En matière d’environnement, les risques à identifier et à prévenir sont, par nature, très liés au contexte géographique des entreprises et de leurs activités, ainsi qu’à la sensibilité des milieux environnants. Ainsi, la démarche environnementale du Groupe fait l’objet de déclinaisons opérationnelles au sein des pôles. Chaque pôle a sa feuille de route tenant compte des spécificités de ses activités et de ses territoires, avec un objectif d’amélioration continue. Les chefs d’entreprise et dirigeants de filiales sont chargés d’assurer la conformité réglementaire et le déploiement des procédures de prévention des risques dans leur périmètre opérationnel en fonction de leurs activités et enjeux propres. Ils sont accompagnés par les correspondants du réseau environnement, qui agissent en qualité d’experts environnementaux (voir section E : Rapport de durabilité, paragraphe 1.3 : Pilotage des risques ESG et du contrôle interne, page 192).
Conformément à la directive européenne Corporate Sustainability Reporting Directive (CSRD), VINCI a élaboré en 2024 une cartographie de ses risques environnementaux fondée sur l’analyse de double matérialité. Les modalités de cette analyse sont détaillées dans le paragraphe 1.1.2 du Rapport de durabilité : Analyse de double matérialité (page 188). Les principaux impacts, risques et opportunités identifiés à l’issue de cette démarche sont exposés au chapitre 2 du Rapport de durabilité, consacré à l’environnement.

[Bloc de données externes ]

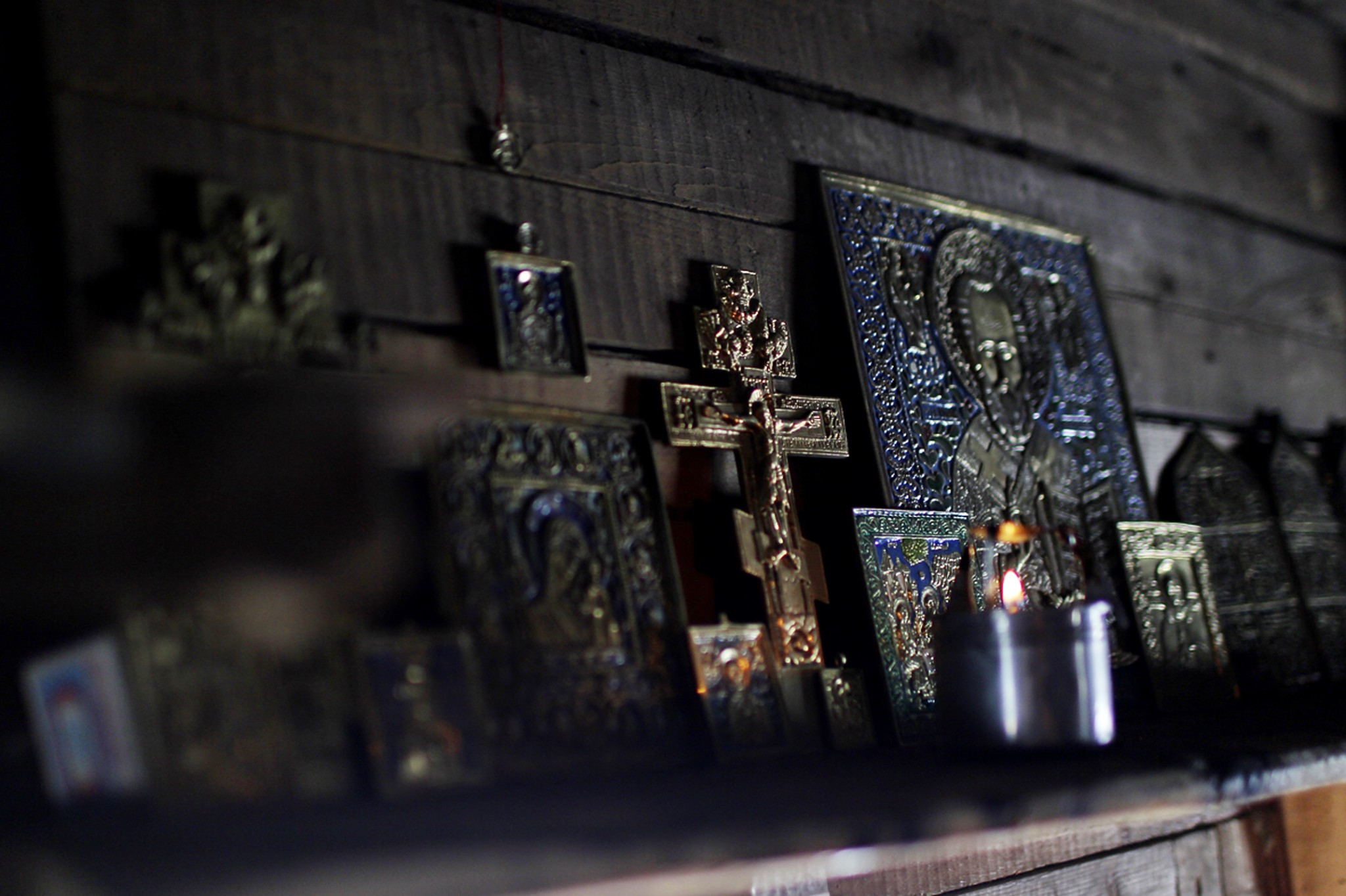 Первое лето мы к ним в гости ходили. Всей семьей с ночевыми, палатку нам поставят с печкой железной. Молились мы в открытую. Мы им картошку, орехи. Они нам лопатки, топоры, гвозди, материал — красный сатин. Еще рукава есть у меня от него, того сатина.

Il existe au sein du Groupe différents dispositifs d’évaluation qui répondent à la fois aux exigences de réglementation, à celles des parties prenantes ainsi qu’à la démarche interne à l’entreprise. Les lignes directrices environnementales citées plus haut ont défini l’identification et l’analyse des risques comme principe premier.
Dispositifs de certification environnementale
L’établissement de systèmes de management environnemental, et leur certification ISO 14001, constitue le dispositif d’évaluation le plus répandu au sein des entités du Groupe. Ils garantissent un niveau de prévention et de maîtrise des risques robuste grâce aux audits externes annuels. Les taux de couverture des activités du Groupe par la certification ISO 14001 sont calculés en fonction du chiffre d’affaires ou autre périmètre pertinent, selon les pôles. La certification ISO 14001 recouvre 67 % du CA de VINCI en 2024 (voir section E : Rapport de durabilité, paragraphe 1.3.2 : Gestion des risques et du contrôle interne ESG, page 192).
Dispositifs de contrôles par des tiers
Les activités menées par le Groupe et ses sous-traitants font régulièrement l’objet de revues par des organismes externes :
Lorsque des non-conformités sont identifiées du fait de ces audits ou dispositifs de surveillance, il revient aux entreprises responsables de les expliquer et de les corriger dans les meilleurs délais.
Dispositifs de contrôles internes
Les principaux impacts, risques et opportunités ESG font l’objet d’un examen et d’une validation annuels par le comité Exécutif et le Conseil d’administration du Groupe, notamment dans le cadre des travaux du comité d’Audit (voir section E : Rapport de durabilité, paragraphe 1.3.2 : Gestion des risques et du contrôle interne ESG, page 192). Dans le cadre de l’organisation décentralisée de VINCI, la direction de l’Environnement veille à l’application des règles et procédures environnementales du Groupe et offre un appui technique aux différents pôles, tout en respectant leur autonomie dans les décisions opérationnelles. Des visites de contrôle et des audits réguliers sont réalisés par les correspondants environnement des pôles et des divisions, en interne et auprès des sous-traitants. Les entreprises du Groupe mesurent l’empreinte environnementale de leurs projets et activités et font état des ressources internes et externes mobilisées pour la protection de l’environnement.